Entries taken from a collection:
★ ★ ★ ★ ★

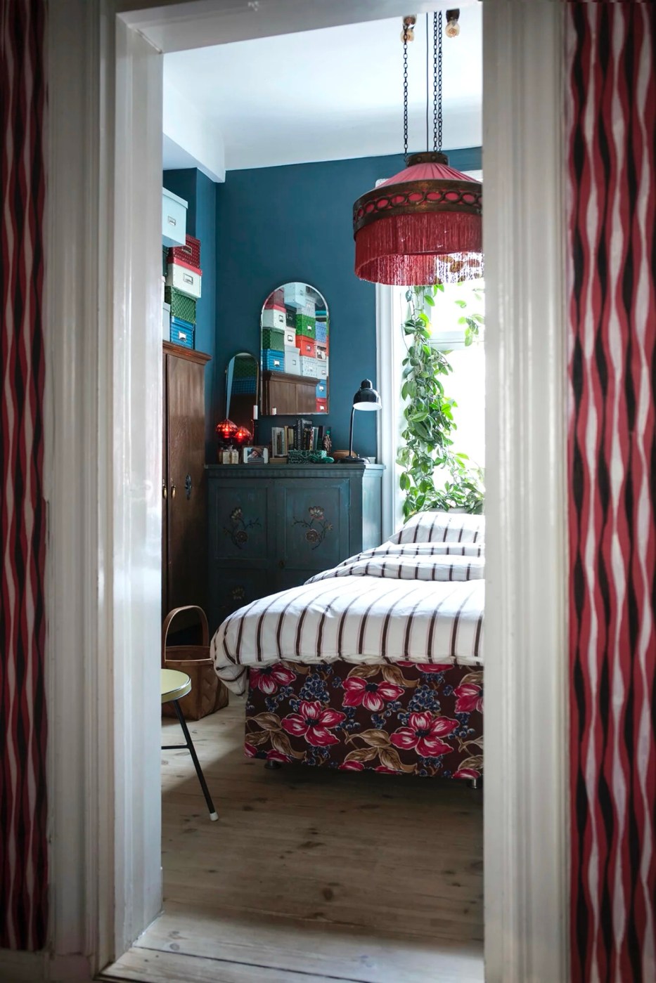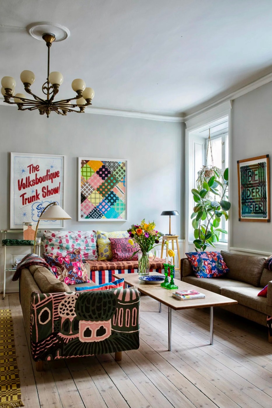 New & old collections mixed with patterns, colors and shapes. Rubbed furniture, walls filled with books & a nice personal mix with something for all senses.
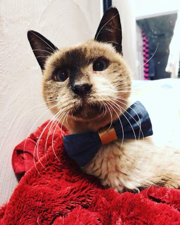 As an abandoned stray, the Siamese cat with the crossed eyes was caught by animal control and send to a kill shelter. She waited, her time rapidly running out, when the rescuers from The Odd Cat Sanctuary in Salem, Massachusetts, heard about the cat with the unique eyes and saved her life.
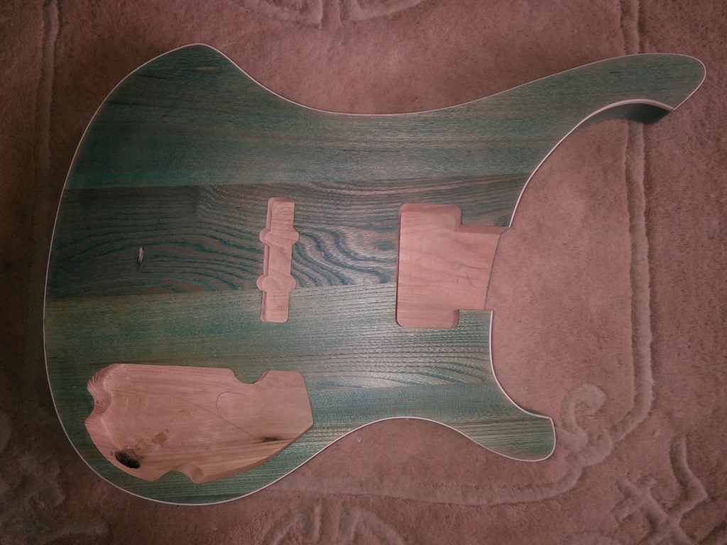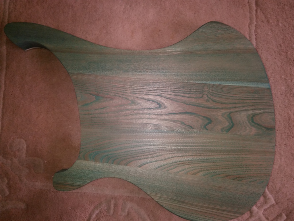 Finished sanding now, gone down to 320 grit, which looks pretty much OK. First coat of stain now done (Azure Lagoon from Wudtone), looks a bit green to me, but according to their spec it becomes blue the more coats you give it - let's hope so. Will be applying 3 or 4 base coats, then there is a deep colour coat, then a top coat. So I guess about another 8 or 9 coats to go.
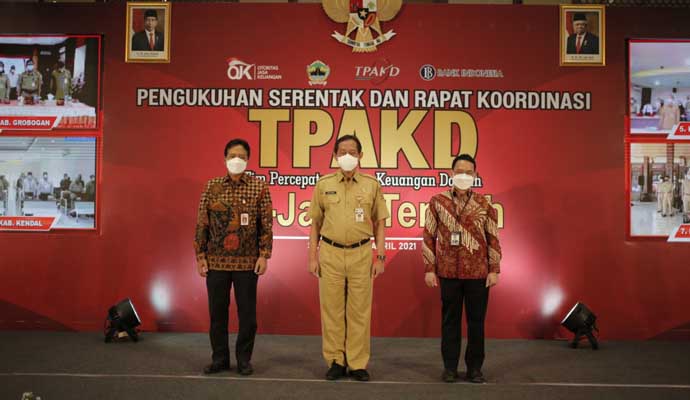 “Dengan dikukuhkannya 8 TPAKD tingkat Kabupaten baru yaitu Kabupaten Blora, Kabupaten Kendal, Kabupaten Magelang, Kabupaten Grobogan, Kabupaten Wonosobo, Kabupaten Semarang, Kabupaten Pati, dan Kabupaten Jepara, maka saat ini seluruh kabupaten/kota di Jawa Tengah telah terdapat TPAKD serta 1 TPAKD di tingkat Provinsi, yang dapat berperan efektif dalam melaksanakan program-program yang tujuan akhirnya mewujudkan pemulihan ekonomi nasional, “papar Aman.
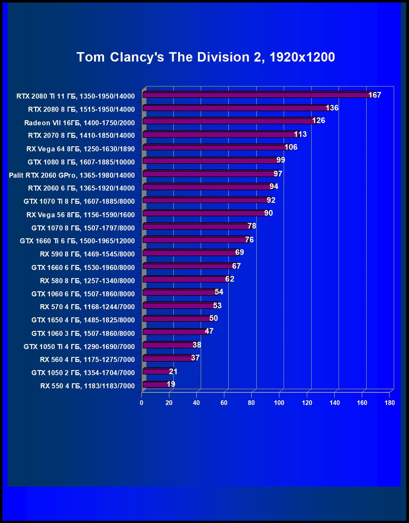 | 16 | GTX 1070 Ti 8 ГБ, 1607—1885/8000 | 214 | 600 | 28 000 |
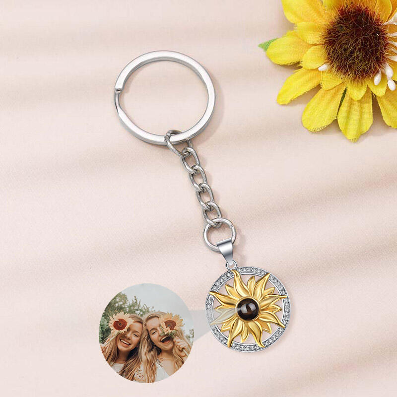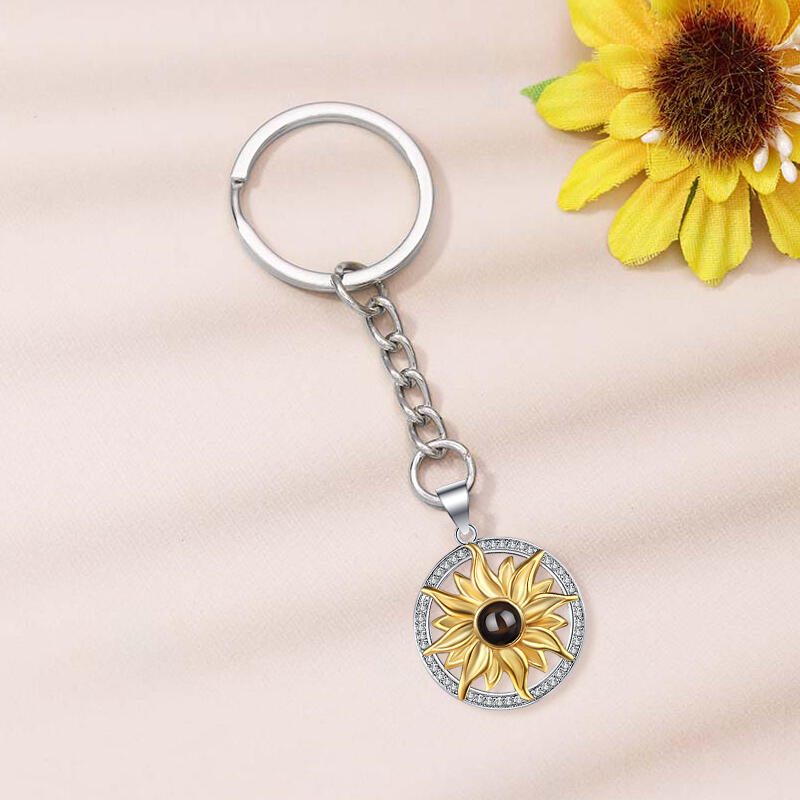 Sterling Silver Personalized Sun Photo Projection Keychain with Diamonds
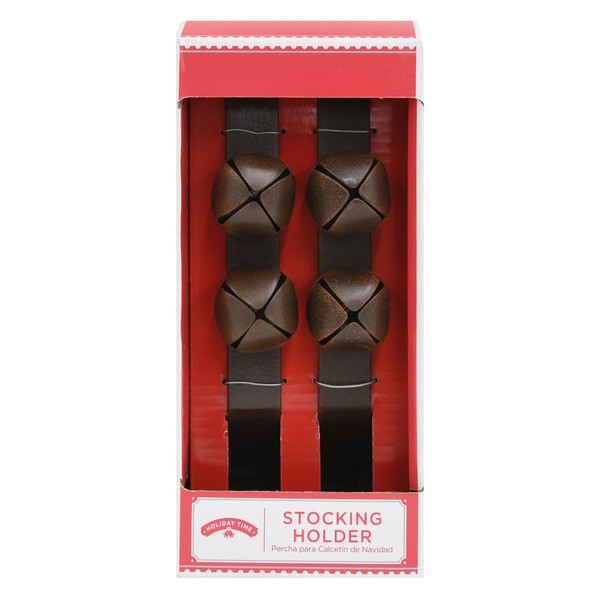 Holiday Time Stocking Holders, Jingle Bell (Bronze) for Home Fireplace DecorationPack of 2 Matching Stocking Holders
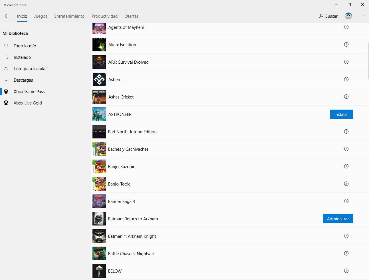 En plus de pouvoir rechercher les jeux individuellement, nous pouvons également voir une liste de tous les jeux disponibles dans ce programme à partir de la liste des téléchargements sur le Microsoft Store.
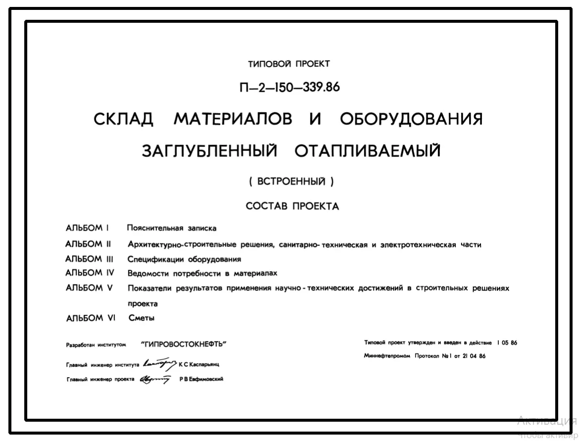 Типовой проект П-2-150-339.86 Склад материалов и оборудования заглубленный отапливаемый встроенный (убежище на 150 человек, размеры убежища 12м на 12м, режимы вентиляции 1,2,3).

★ ★ ★ ★ ★

## Task brief
In the entries above, find the line containing "Finished sanding now, gone" and the line containing "Holiday Time Stocking", then copy both and every line between them exactly, without any picture.

## Reply
 Finished sanding now, gone down to 320 grit, which looks pretty much OK. First coat of stain now done (Azure Lagoon from Wudtone), looks a bit green to me, but according to their spec it becomes blue the more coats you give it - let's hope so. Will be applying 3 or 4 base coats, then there is a deep colour coat, then a top coat. So I guess about another 8 or 9 coats to go.
 “Dengan dikukuhkannya 8 TPAKD tingkat Kabupaten baru yaitu Kabupaten Blora, Kabupaten Kendal, Kabupaten Magelang, Kabupaten Grobogan, Kabupaten Wonosobo, Kabupaten Semarang, Kabupaten Pati, dan Kabupaten Jepara, maka saat ini seluruh kabupaten/kota di Jawa Tengah telah terdapat TPAKD serta 1 TPAKD di tingkat Provinsi, yang dapat berperan efektif dalam melaksanakan program-program yang tujuan akhirnya mewujudkan pemulihan ekonomi nasional, “papar Aman.
 | 16 | GTX 1070 Ti 8 ГБ, 1607—1885/8000 | 214 | 600 | 28 000 |
 Sterling Silver Personalized Sun Photo Projection Keychain with Diamonds
 Holiday Time Stocking Holders, Jingle Bell (Bronze) for Home Fireplace DecorationPack of 2 Matching Stocking Holders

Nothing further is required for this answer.